Are We in for a Double-Dip?

Last week Standard & Poor/Case-Schiller released their monthly index of home prices and the news was not good. In their 20 city composite, average sale price dropped by 0.8% in October. This followed a 1.5% drop in September. This has led some economic analysts to predict home prices are going to continue to decline, essentially a double-dip, in 2011. The chart below (from S&P) shows the change in home prices over the last twenty years. Note: this chart is not actual home prices, but hte amount of change over the preceding year.


You can see the rate of growth in home prices began to decline in 2006, and prices actually dropped in mid-2007. In 2009, the rate of decline started to slow and prices went up early in 2010. However, following the expiration homebuyers tax credit this postive trend reversed.

While this is certainly not good news, its perhaps not as terrible as some analysts have observed.
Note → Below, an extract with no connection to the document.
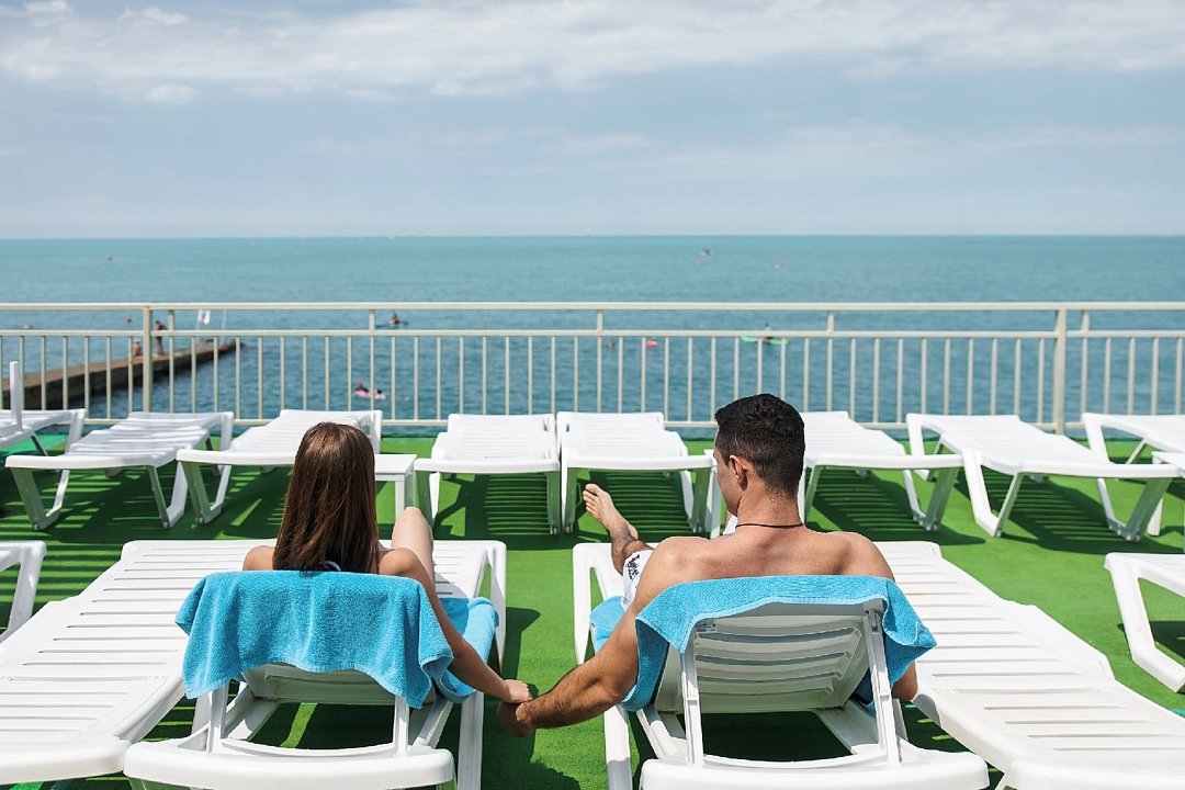 К услугам гостей двухуровневая пляжная зона:

Sales of new homes and existing homes grew over 5% in November, the same period as the drop in the Case-Schiller Index. The NAR sales index showed median prices actually increasing 1.2% over November 2009.
Real Estate Professor Susan Wachter from the University of Pennsylvania said in an interview with Bloomberg that while the months ahead may be bumpy, we should not expect a "double-dip" in home prices. She believes that we are still seeing some of the effects of the tax credit, but by the second half of 2011 the market will begin to improve.